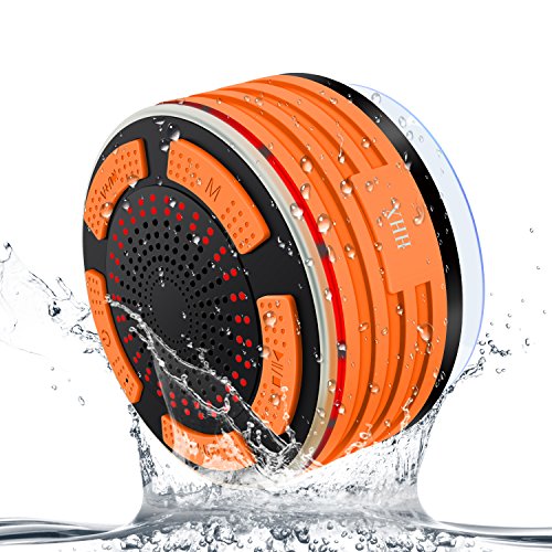 -. Feature : IPX7 FULLY WATERPROOF: IPX7 rating design makes this waterproof bluetooth speakers can be submersed in 3 feet of water, up to 30 minutes, as a waterproof shower speakers, tub speaker, pool speaker, shower radios, floating speaker, beach speaker etc, perfect for all water environments.(Remember to dry it soon for longer lifespan) / SUCTION CUP & FLOATING: Totally waterproof and suction cup design makes this waterproof speaker-waterproof radio can floating on the water or stick to your shower wall, mirror, pool deck, kitchen counter or whatever slick surface. Perfect gift for Birthday, Holiday, Christmas etc. / POWERFUL PORTABLE SPEAKER: High-performance 5W driver makes room-filled loudness, bass strong and deep. Lightweight compact design, you can easily carry this portable wireless speakers/portable radio on the go! perfect companion for outdoor activities. / EASY TO USE: Easy and fast connection to your iPhone/iPad/Phones/Tablet, from up to 33 feet away; Built-in FM radio and microphone, when you listen to favorite station in shower, and will not miss important calls, these are just a few speaker buttons click! / WHAT YOU GET: HHX Bluetooth Shower Speaker, Micro USB charging cable, user guide, our 30-DAY MONEY-BACK guarantee for any reason and friendly helpful customer service. It would be a wonderful Festival Gift for your beloved ones!
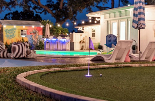 Luxury Family Retreat–15 Mins to Beach. Dive in the heated pool with disco lights, serve on your own pickleball court, or play glow mini-golf. Enjoy the movie theater and arcade with fresh popcorn. Relax by the gas fire pit, fire up the BBQ, and sleep soundly in 3 king bedrooms and comfy bunks (sleeps 12). A chef’s kitchen, 6 smart TVs, and beach gear keep everyone entertained. The backyard oasis glows at night with yard games, outdoor movies, and a kid’s swing set. Pet-friendly—bring your pups!
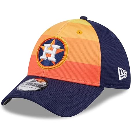 New Era ヒューストン・アストロズ 39THIRTY 2025 バッティング練習 ストレッチフィットキャップ、帽子, ネイビーオレンジ, Large-X-Large
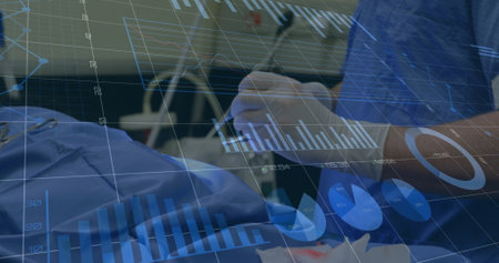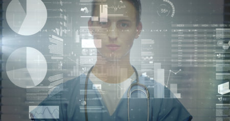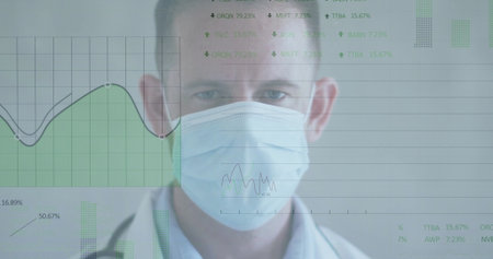 Image of statistics and data processing over caucasian male surgeon. Global medicine, connections, computing and data processing concept digitally generated image.
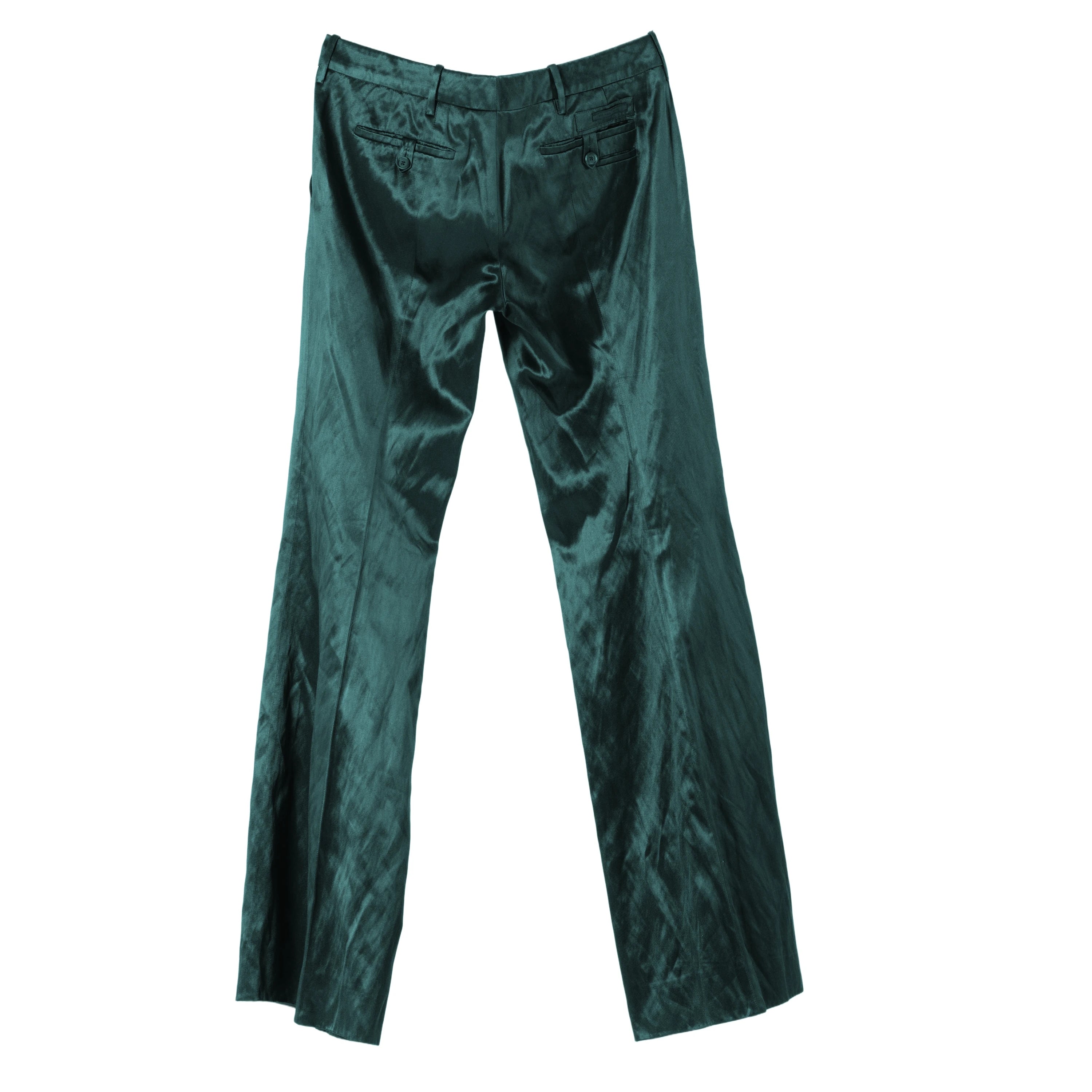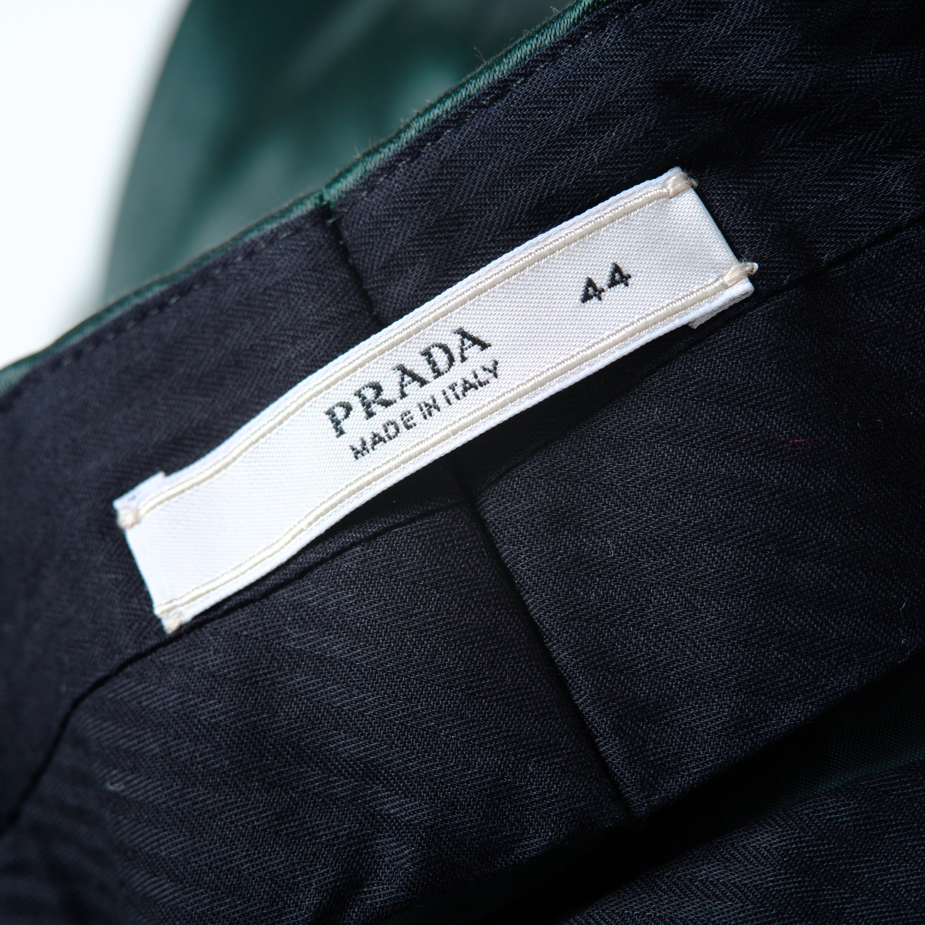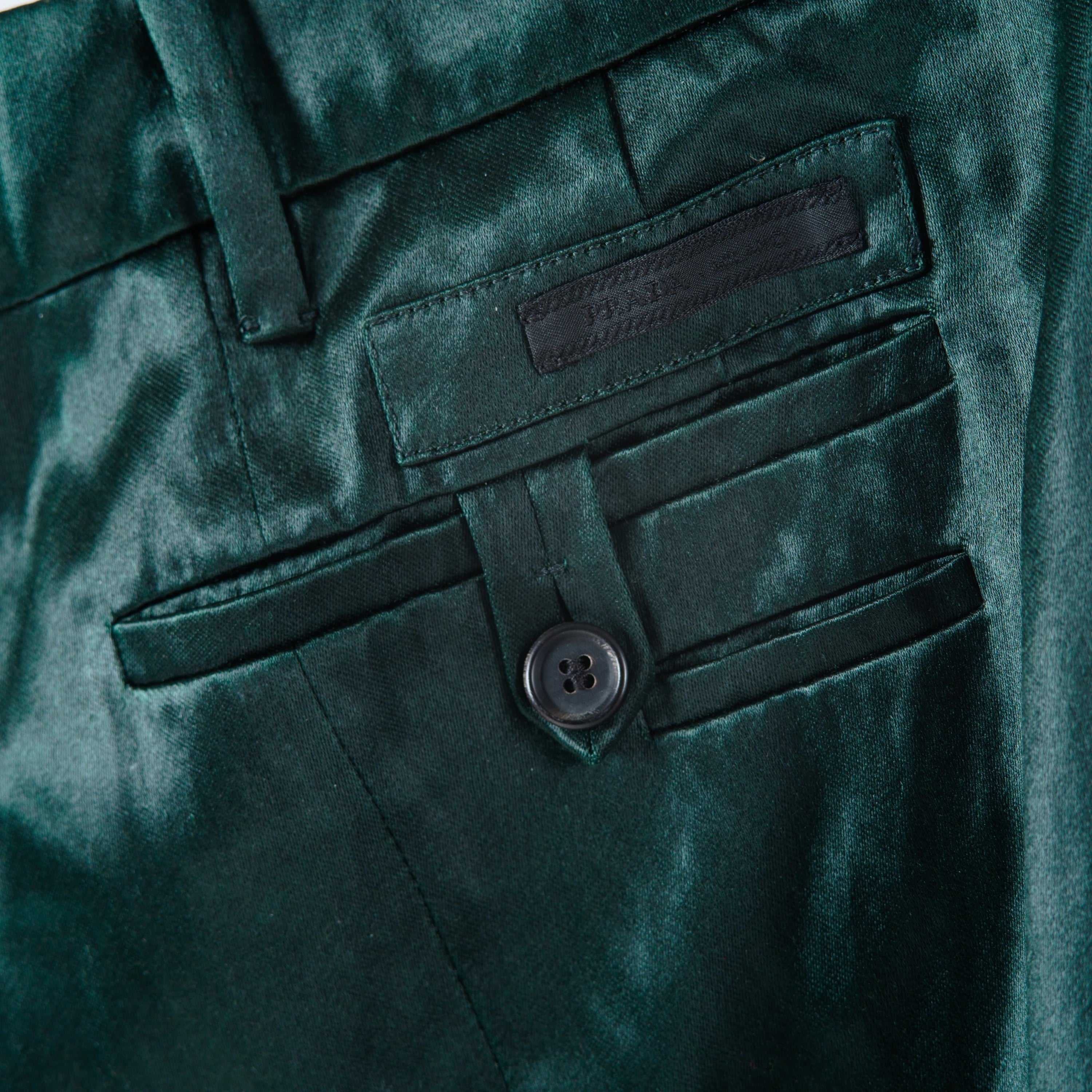 Elevate your wardrobe with these Prada tailored trousers, crafted in Italy from a luxurious silk-cotton blend with a rich emerald satin finish. Designed with a mid-rise waist and a straight, elongated leg, they offer a refined silhouette with subtle fluidity. Side and back pockets add practical elegance, while the glossy sheen enhances their sophisticated character.

▶ _What the task requires_
The answer should be an exact copy of the material, with its pictures removed.

▶ _Your response_
 -. Feature : IPX7 FULLY WATERPROOF: IPX7 rating design makes this waterproof bluetooth speakers can be submersed in 3 feet of water, up to 30 minutes, as a waterproof shower speakers, tub speaker, pool speaker, shower radios, floating speaker, beach speaker etc, perfect for all water environments.(Remember to dry it soon for longer lifespan) / SUCTION CUP & FLOATING: Totally waterproof and suction cup design makes this waterproof speaker-waterproof radio can floating on the water or stick to your shower wall, mirror, pool deck, kitchen counter or whatever slick surface. Perfect gift for Birthday, Holiday, Christmas etc. / POWERFUL PORTABLE SPEAKER: High-performance 5W driver makes room-filled loudness, bass strong and deep. Lightweight compact design, you can easily carry this portable wireless speakers/portable radio on the go! perfect companion for outdoor activities. / EASY TO USE: Easy and fast connection to your iPhone/iPad/Phones/Tablet, from up to 33 feet away; Built-in FM radio and microphone, when you listen to favorite station in shower, and will not miss important calls, these are just a few speaker buttons click! / WHAT YOU GET: HHX Bluetooth Shower Speaker, Micro USB charging cable, user guide, our 30-DAY MONEY-BACK guarantee for any reason and friendly helpful customer service. It would be a wonderful Festival Gift for your beloved ones!
 Luxury Family Retreat–15 Mins to Beach. Dive in the heated pool with disco lights, serve on your own pickleball court, or play glow mini-golf. Enjoy the movie theater and arcade with fresh popcorn. Relax by the gas fire pit, fire up the BBQ, and sleep soundly in 3 king bedrooms and comfy bunks (sleeps 12). A chef’s kitchen, 6 smart TVs, and beach gear keep everyone entertained. The backyard oasis glows at night with yard games, outdoor movies, and a kid’s swing set. Pet-friendly—bring your pups!
 New Era ヒューストン・アストロズ 39THIRTY 2025 バッティング練習 ストレッチフィットキャップ、帽子, ネイビーオレンジ, Large-X-Large
 Image of statistics and data processing over caucasian male surgeon. Global medicine, connections, computing and data processing concept digitally generated image.
 Elevate your wardrobe with these Prada tailored trousers, crafted in Italy from a luxurious silk-cotton blend with a rich emerald satin finish. Designed with a mid-rise waist and a straight, elongated leg, they offer a refined silhouette with subtle fluidity. Side and back pockets add practical elegance, while the glossy sheen enhances their sophisticated character.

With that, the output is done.